[[ Given information open ]]
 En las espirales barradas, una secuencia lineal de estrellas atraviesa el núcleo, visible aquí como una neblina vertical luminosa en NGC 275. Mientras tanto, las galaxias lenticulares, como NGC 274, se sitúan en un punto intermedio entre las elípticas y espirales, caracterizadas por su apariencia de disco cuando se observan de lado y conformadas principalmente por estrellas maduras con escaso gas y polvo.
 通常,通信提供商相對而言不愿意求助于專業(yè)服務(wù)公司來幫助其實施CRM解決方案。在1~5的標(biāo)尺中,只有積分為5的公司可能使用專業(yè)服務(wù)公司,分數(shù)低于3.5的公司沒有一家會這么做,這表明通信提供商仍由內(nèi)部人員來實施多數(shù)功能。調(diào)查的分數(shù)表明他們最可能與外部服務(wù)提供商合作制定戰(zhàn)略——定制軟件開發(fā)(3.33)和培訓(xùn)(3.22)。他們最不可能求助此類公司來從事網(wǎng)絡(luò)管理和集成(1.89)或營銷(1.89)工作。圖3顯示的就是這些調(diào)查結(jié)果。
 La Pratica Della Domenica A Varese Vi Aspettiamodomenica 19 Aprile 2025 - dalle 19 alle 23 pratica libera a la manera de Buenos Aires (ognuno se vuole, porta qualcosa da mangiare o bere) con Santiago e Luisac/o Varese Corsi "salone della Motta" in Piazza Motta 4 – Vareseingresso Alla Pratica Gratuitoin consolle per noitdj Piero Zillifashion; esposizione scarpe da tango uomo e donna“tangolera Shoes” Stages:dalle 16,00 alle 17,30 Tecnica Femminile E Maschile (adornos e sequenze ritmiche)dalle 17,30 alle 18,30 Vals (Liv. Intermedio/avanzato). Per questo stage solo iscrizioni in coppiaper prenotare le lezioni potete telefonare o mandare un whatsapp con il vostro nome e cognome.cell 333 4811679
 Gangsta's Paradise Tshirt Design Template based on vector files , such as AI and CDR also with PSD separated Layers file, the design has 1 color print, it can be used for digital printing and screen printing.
[[ Given information closed ]]
In full and exactly as written, repeat the data.

 En las espirales barradas, una secuencia lineal de estrellas atraviesa el núcleo, visible aquí como una neblina vertical luminosa en NGC 275. Mientras tanto, las galaxias lenticulares, como NGC 274, se sitúan en un punto intermedio entre las elípticas y espirales, caracterizadas por su apariencia de disco cuando se observan de lado y conformadas principalmente por estrellas maduras con escaso gas y polvo.
 通常,通信提供商相對而言不愿意求助于專業(yè)服務(wù)公司來幫助其實施CRM解決方案。在1~5的標(biāo)尺中,只有積分為5的公司可能使用專業(yè)服務(wù)公司,分數(shù)低于3.5的公司沒有一家會這么做,這表明通信提供商仍由內(nèi)部人員來實施多數(shù)功能。調(diào)查的分數(shù)表明他們最可能與外部服務(wù)提供商合作制定戰(zhàn)略——定制軟件開發(fā)(3.33)和培訓(xùn)(3.22)。他們最不可能求助此類公司來從事網(wǎng)絡(luò)管理和集成(1.89)或營銷(1.89)工作。圖3顯示的就是這些調(diào)查結(jié)果。
 La Pratica Della Domenica A Varese Vi Aspettiamodomenica 19 Aprile 2025 - dalle 19 alle 23 pratica libera a la manera de Buenos Aires (ognuno se vuole, porta qualcosa da mangiare o bere) con Santiago e Luisac/o Varese Corsi "salone della Motta" in Piazza Motta 4 – Vareseingresso Alla Pratica Gratuitoin consolle per noitdj Piero Zillifashion; esposizione scarpe da tango uomo e donna“tangolera Shoes” Stages:dalle 16,00 alle 17,30 Tecnica Femminile E Maschile (adornos e sequenze ritmiche)dalle 17,30 alle 18,30 Vals (Liv. Intermedio/avanzato). Per questo stage solo iscrizioni in coppiaper prenotare le lezioni potete telefonare o mandare un whatsapp con il vostro nome e cognome.cell 333 4811679
 Gangsta's Paradise Tshirt Design Template based on vector files , such as AI and CDR also with PSD separated Layers file, the design has 1 color print, it can be used for digital printing and screen printing.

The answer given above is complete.